The NESARC-III surveyed a nationally representative sample of 36,309 adults in 2012–2013 with an overall response rate of 60.1%.17 The target population was the civilian noninstitutionalized population in the United States, ages 18 or older. Data were collected in face-to-face computer-assisted interviews conducted in respondents' households. The Alcohol Use Disorder and Associated Disabilities Interview Schedule–Diagnostic and Statistical Manual of Mental Disorders, Fifth Edition (DSM-5) Version (AUDADIS-5) from the National Institute on Alcohol Abuse and Alcoholism (NIAAA) was used as the diagnostic interview.18 The research protocol was approved by the institutional review boards (IRBs) of the National Institutes of Health and Westat (contractor for the NESARC-III). This IRB review and approval extends to studies that are conducted by NIAAA and its contractors. Additional details about the NESARC-III design and methods are reported elsewhere.17

Measures

To assess sexual identity, respondents were shown a preprinted response card and asked to select the category that best described them. Response options included (1) heterosexual (straight), (2) gay or lesbian, (3) bisexual, or (4) not sure. Respondents who selected gay/lesbian, bisexual, or not sure were included in our analyses. Some evidence has suggested that respondents who indicate that they are unsure about their sexual identity may be at higher risk of mental health problems,6,19,20 and respondents who identify as “mostly heterosexual” have the highest rates of substance use compared to exclusively heterosexual respondents.21–23 Inclusion of the “not sure” sexual identity option may have facilitated inclusion of a portion of sexual minorities who are either unsure or “mostly heterosexual” and consistently missing from other studies that use three-category measures of sexual identity (i.e., heterosexual, gay/lesbian, or bisexual).24,25 For these reasons, we chose to include respondents who selected “not sure” in our analysis.

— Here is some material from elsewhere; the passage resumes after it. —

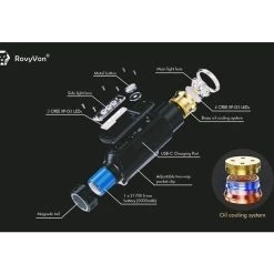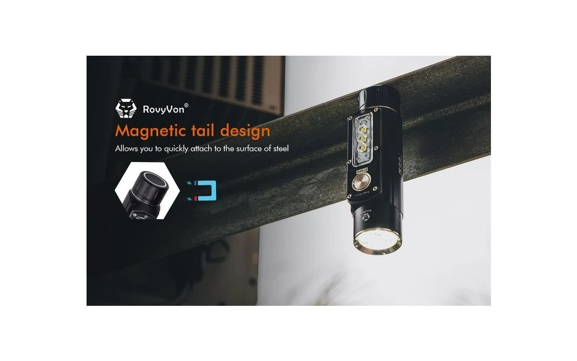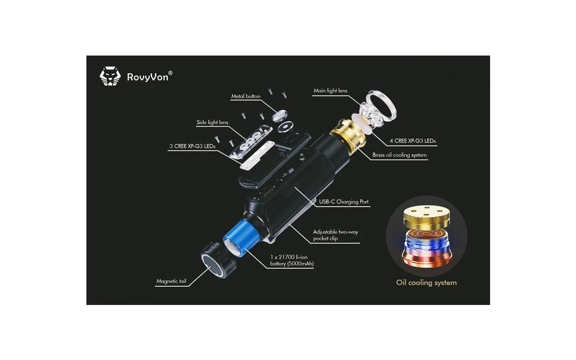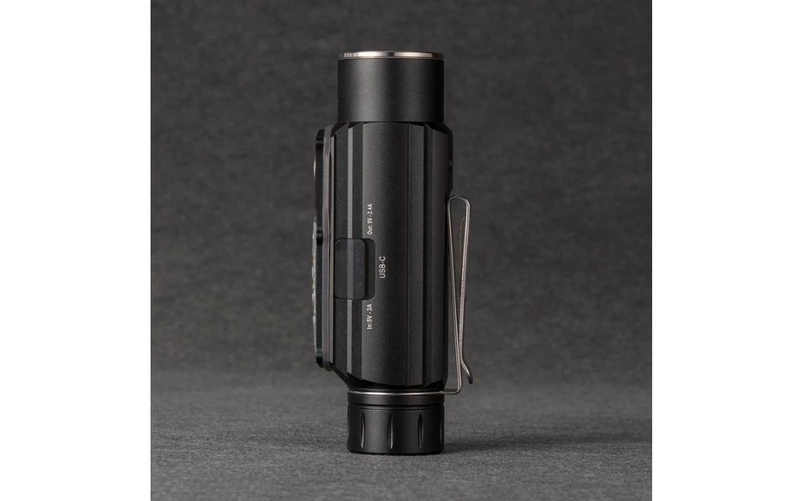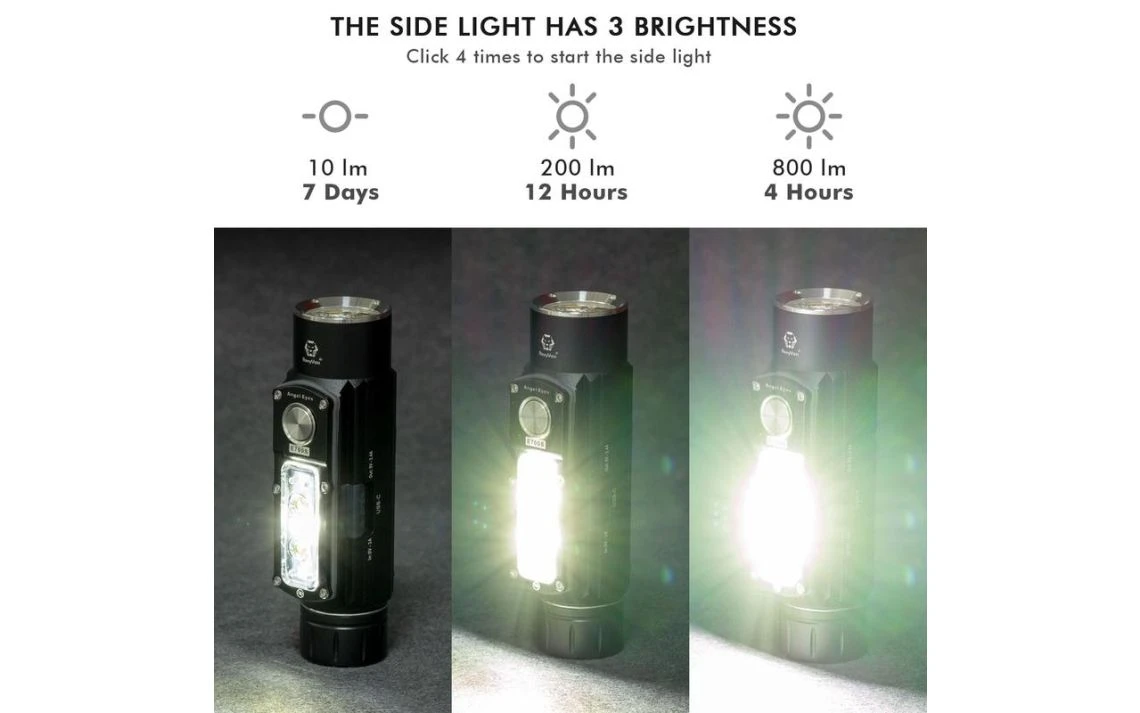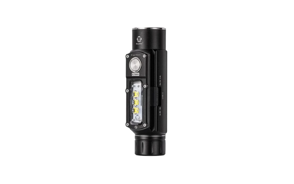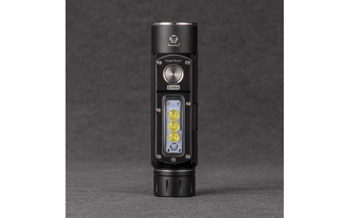 230g, 2800 Lumens: The RovyVon Angel Eyes E700S is a multi-purpose light with 7 CREE XP-G3 LEDs, 4 in the main light and 3 on the side. The main light has a max output of 2800 lumens, while the side light has a max output of 800 lumens. For the standard output there are 4 brightness levels to choose from, ranging from 200 to 2800 lumens and for the side light there are 3 brightness levels, ranging from 10 to 800 lumens. You can operate this torch with one hand, attach it with the two-way pocket clip, mount it on magnetic surfaces or mount it on a tripod with the built-in tripod hole. The torch runs off a powerful 5000mAh 21700 Li-ion battery (included) and the torch is directly rechargeable via the included USB-C charging cable and features a dynamic charging indicator. The E700S can also function as a power bank to recharge other USB-C devices. With 2 different lights and multiple mounting options this is a great tool with an infinite number of applications. Features both a main light and side light.

Results did not differ substantially when the “not sure” group was excluded from analyses.

Sexual orientation-based discrimination was measured using questions derived from the Experiences of Discrimination scales developed by Krieger and Sidney.26 Sexual minority respondents were asked to report how often (on a scale from never = 0 to very often = 4) during the past 12 months they experienced discrimination because they were assumed to be gay, lesbian, or bisexual in the following scenarios: (1) ability to obtain healthcare or health insurance coverage; (2) healthcare treatment; (3) in public settings such as on the street, in stores, or in restaurants; (4) other situations such as obtaining a job or on the job, getting admitted to a school or training program, in the courts, or by the police; (5) verbal harassment; and (6) physical assault or threats of harm. We summed the six responses to create a continuous measure of discrimination with the range from 0, never experiencing discrimination for all 6 scenarios, to 24, experiencing discrimination very often for all 6 scenarios. Because this measure included 0 values and was highly right-skewed, it was log-transformed (i.e., ln(sum +1)) before being entered into regression models. For respondents missing up to two of the six questions (n = 8), missing values were imputed with the median value (median = 0 for all six questions) before summation. For respondents missing three or more of the six discrimination scenario questions (n = 21), no imputed value was assigned before summation; thus, these respondents were excluded from analyses.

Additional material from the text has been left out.